In 1995 an article in the Advising Quarterly asserted that distance education had come of age. Like the teenager who thought adulthood had been attained, however, we now have found that we are still very much involved in a journey rather than having arrived at our ultimate destination.

Options for distance education have grown exponentially. Further, a growing body of research has made it clear that students enrolled in distance education can learn no less well than those attending more traditional sites of higher education (although serious questions still remain about the nonacademic aspects of higher education that may be lost when students do not physically attend an institution). As increasing numbers of students, many from areas where travel to the United States may be culturally or economically difficult, enroll in distance programs, there has been a growing concern about quality control. U.S. regional accrediting associations have cooperated in establishing standards to ensure such control while still preserving the diversity from which U.S. education has long derived its strength.

The Accreditors' Role

Regional accreditation is the primary quality control mechanism for more than 3,600 institutions in the United States, including such educational institutions as open enrollment community colleges, state universities (all of which are regionally accredited), the majority of academic degree-granting private colleges, and such research institutions as Harvard, Duke, and Princeton universities. As institutions began to offer their programs either in whole or in part through electronic or other distance means, their administrations looked to the regional accreditation associations for guidance in ensuring that such nontraditional courses in no way jeopardized the accreditation of their more traditional site-based offerings. At issue was not only whether electronically mediated instruction could provide learning at the same level as that in a classroom but also the question of which regional accreditor would judge the quality of a program offered when the student was in one region of the country and the instructor in another.

The six associations formed an interregional staff committee to ensure that any changes made to standards by the individual regions were comparable across regions. To cooperate and adopt comparatively uniform standards through this committee was important—it would ensure that students, should they move from one institution to another, could preserve the transferability of credits earned through distance education in the same way as credits earned in a more traditional fashion.
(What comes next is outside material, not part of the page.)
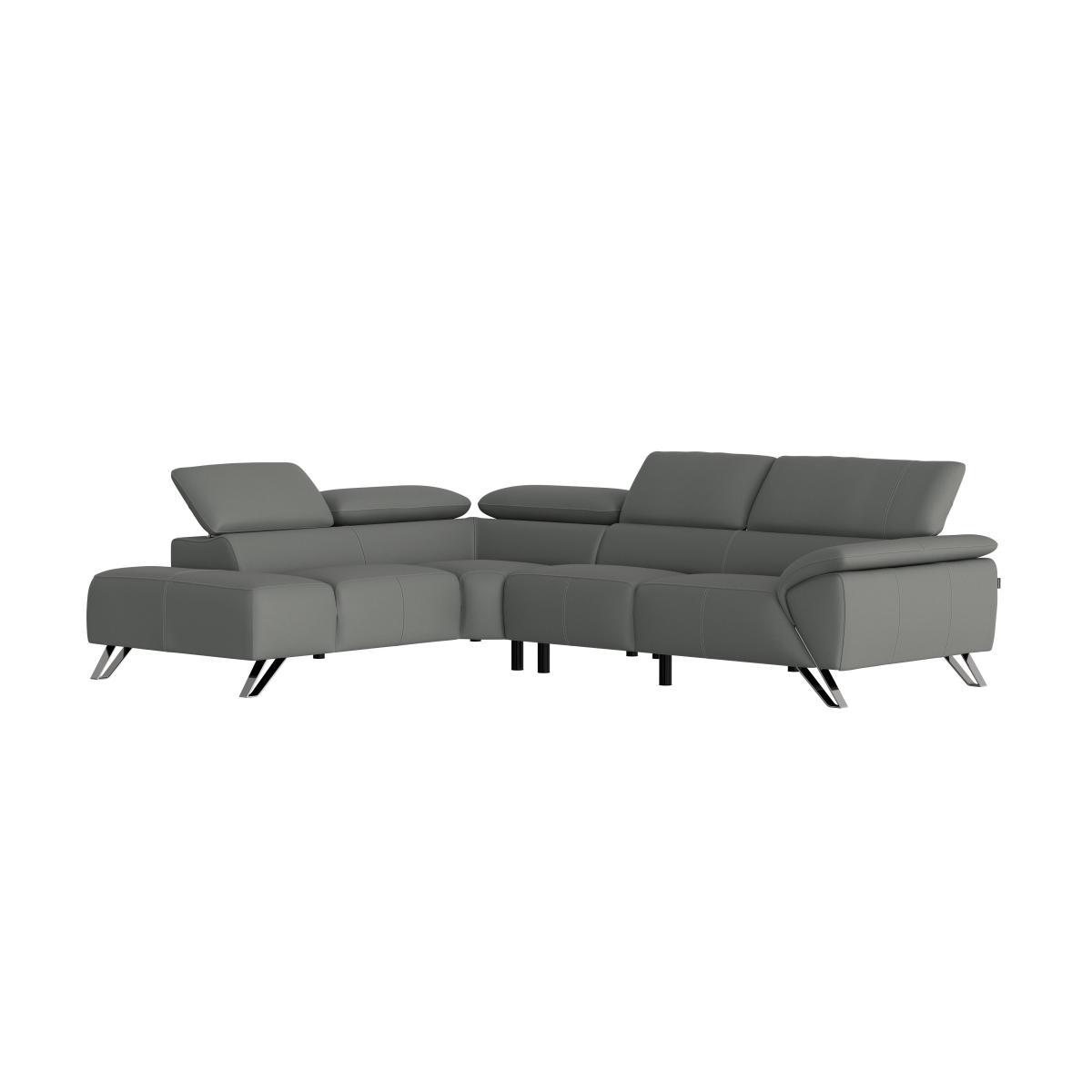 The Nicoletti Tesla range is everything a beautifully designed sofa should be: well-made, endlessly comfortable and easy on the eye. Boasting Nicoletti’s new and improved seat comfort, relaxing feels indulgent yet supportive – and that’s before you get to the adjustable headrests. They let you play with the height of your sofa while you find your perfect position and stretch out, courtesy of Nicoletti’s perfect positioning technology. As for style, it draws a decidedly modern silhouette with sleek, angled arms that finish in a striking metal leg. Available in a choice of plush fabric or 100% premium leather made from the finest South American hides. This range is handmade in Italy by master craftspeople exclusively for Furniture Village. The Nicoletti Tesla leather chaise sofa fuses ultra-modern design with some of the comfiest seats we’ve seen. They boast Nicoletti’s new and improved seat comfort and adjustable headrests for extra support. Why you'll love it. An ultra-modern leather chaise sofa for sophisticated urbanites who love indulgent comfort. Features Nicoletti’s new and improved seat comfort. 100% premium leather made from the finest South American hides. Stylish angled arms that finish in a striking metal leg. Nicoletti’s perfect position technology lets you create the best sit for you. Available in Nicoletti’s full catalogue of fabrics and colours. Handmade in Italy by master craftspeople. Exclusively available at Furniture Village. What you need to know. Medium comfort level. Seat suspension: Elastic webbing. Seat cushions: Foam with padding. Back cushions: Fibre. Leather has unique marks and characteristics with variance in colour and texture, and softens with use. Smoothing the cushioned top directly after use helps prevent ‘puddling’. Please read our upholstery care guide for more advice. Part of the Nicoletti Tesla collection.

In addition to the interregional staff committee, standards needed to be examined by a task force convened within each region. While all the regional bodies have standards that are comparable in content, the exact wording and interpretation of those standards vary throughout the regions.

Task force members were expected to represent different levels of education and to be knowledgeable about both the advantages and disadvantages of distance education. Typical was the experience of the New England Association, where members of the task force included a representative from an extremely selective traditional university as well as several from institutions that had made a major investment in the expansion of their distance education offerings.
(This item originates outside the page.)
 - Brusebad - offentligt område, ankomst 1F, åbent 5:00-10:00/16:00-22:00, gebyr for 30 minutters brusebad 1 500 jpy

Review Process: New England

The New England task force took its eleven existing standards and examined each one, determining whether it was applicable to distance education as it stood, not applicable because of some inherent contradiction, or applicable but needing specific explication for the distance education community. The aim was not only to supply evaluators and commissions with standards by which existing programs could be judged but also to provide guidelines for institutions considering implementing distance education degrees or programs.

As its first project, the task force in 1997 devised and distributed a survey of current and projected distance education activities and concerns to its two hundred member institutions in the six New England states. At that time, sixty-three institutions in the region indicated that they already were offering distance education courses, with about fifty indicating that they were offering at least one degree program, from the associate to the master's degree, through distance education. (In New England, those numbers have already since increased substantially. In the rest of the country, because of the existence of such consortia as the Southern Regional Electronic Campus and Western Governors' University, the increase has been even greater.)

Concerns and Modifications

Among the concerns about distance education expressed by the New England institutions responding to the survey, six were especially prominent:

  • Quality control, that is, the assurance of course and student achievement;
  • Cost and accessibility for both students and institutions;
  • Pedagogical considerations;
  • Faculty development, compensation, and workloads;
  • Access to academic support services, library resources, and technological expertise;
  • Copyright issues.

Institutions, when asked what the Commission should consider "to ensure that distance education is characterized by the same concerns for quality, integrity, and effectiveness that apply to campus based instruction," also provided such specific comments as—

"A comparison of the results of these programs with those in a more traditional format, with an understanding that the educational outcomes of distance education and campus-based programs be the same"

"The need to bring disabled and lower income students into the higher education community through distance education and the cost to less well-endowed colleges of doing so"

"Faculty professional development about how to teach effectively through these technologies"

"Understanding of the increased workload involved in effective distance education and the ways in which that will impact on faculty compensation"

"Ensuring that program content, not the availability of technology and technology-based materials, drives the program."

In reviewing the standards of the New England Association (which, like the policy eventually adopted, can be accessed at http://www.neasc.org/cihe), special attention was paid to the way in which the existing standards would resolve the above issues and other concerns of member institutions.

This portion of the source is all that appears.